Tobias Baesch and Marcus Marth from Jeppesen gave delegates a demonstration of the company’s Flitedeck VFR product for iPad, which was compiled with the assistance of AOPA members who participated in an online survey. Tobias Baesch, navigation portfolio manager, said there were many strong and agile competitors in the field, such as SkyDemon, and Jeppesen had thought long and hard about whether it should enter the market. It had ultimately decided to do so and had formed a small team of young people straight from university with all the key disciplines.
The demonstration showed a single-chart presentation which zoomed right down to airfield taxi presentation, with data appearing and disappearing as necessary. Tapping on screen produced relevant local data, while information such as notams and weather were presented in text format. IAOPA is considering linking with Jeppesen to provide discounts on certain products.

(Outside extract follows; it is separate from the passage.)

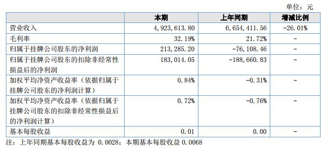 報(bào)告期內(nèi),公司實(shí)現(xiàn)營(yíng)業(yè)收入4,923,613.80元,較上期減少了26.01%,從報(bào)告期內(nèi)經(jīng)營(yíng)情況來(lái)看,公司主要客戶未發(fā)生大變化,產(chǎn)品毛利率由21.72%增長(zhǎng)至32.19%發(fā)生明顯變化。?

Stop press: filing GAR forms in the UK

AOPA UK has been informed that the system of designated airports through which GA can access the UK without filing a General Aviation Report has been abandoned by the UK Border Force without consultation, and that a GAR must be filed whichever point of entry is to be used. Border Force warns that a fine of £1,000 could be levied in case of default. AOPA is working to address the issue, and more information will be made available soon.

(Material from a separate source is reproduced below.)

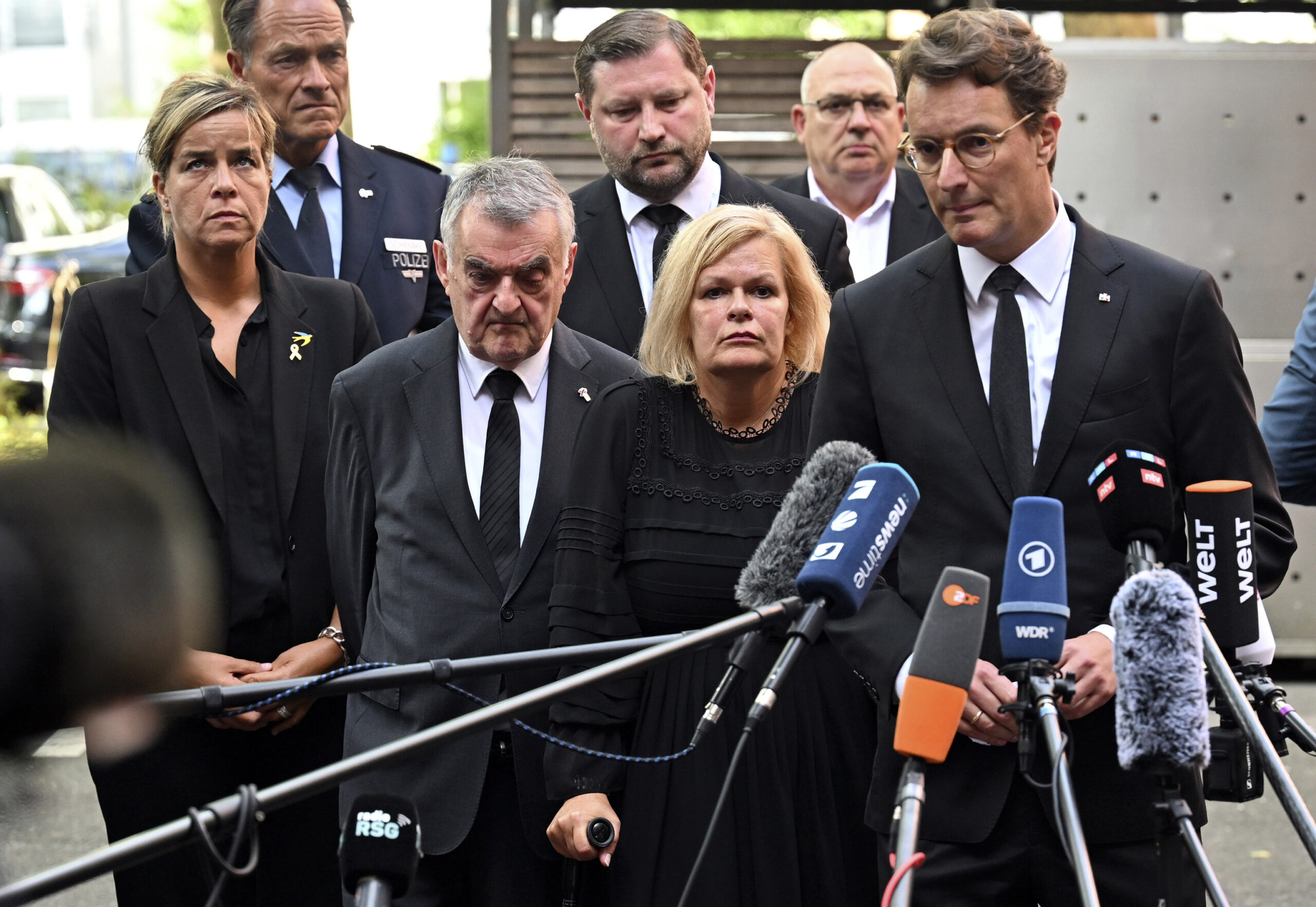 Tysklands innenriksminister Herbert Reul og delstatens ministerpresident Hendrik Wüst kommenterer terrorangrepet i Solingen den 24. august 2024. Foto: Henning Kaiser / DPA via AP / NTB.

Online decision-making survey for pilots

Psychologists at a group of universities in Germany, Belgium and the United States are researching decision-making by pilots, and are looking for volunteers to take part in an online survey. For each participant they will make a €5 donation to the Mayday Foundation, which supports airmen and their families in times of need.
The online survey is anonymous and takes about 20 minutes. It presents several aviation scenarios, some of which may puzzle European pilots because they describe American conditions and procedures. It then asks for decisions on non-aviation related teamwork and workplace issues. Feedback can be given at the end of the session. Both professional and non-professional pilots are invited to participate.
The universities involved are in Berlin, Ghent, Münster and New York. You can gain access to the survey here

Strange but true general aviation news

Old? Who’s old? Tom Lackey, 93, has broken his own Guinness World Records feat of being the world’s oldest wing walker. He was tied to the top of a 1943 Boeing Stearman during a one hour, 21-minute flight from Scotland’s Castle Kennedy to the City of Derry Airport. Tom completed his first wing walk 13 years ago at the age of 85 after the death of his wife, Isobel, who had served in the Royal Air Force. He was recognised by Guinness World Records in 2005 as the oldest person on top of an aircraft that looped the loop. Since taking up wing walking, Tom has raked in over £1 million for charity.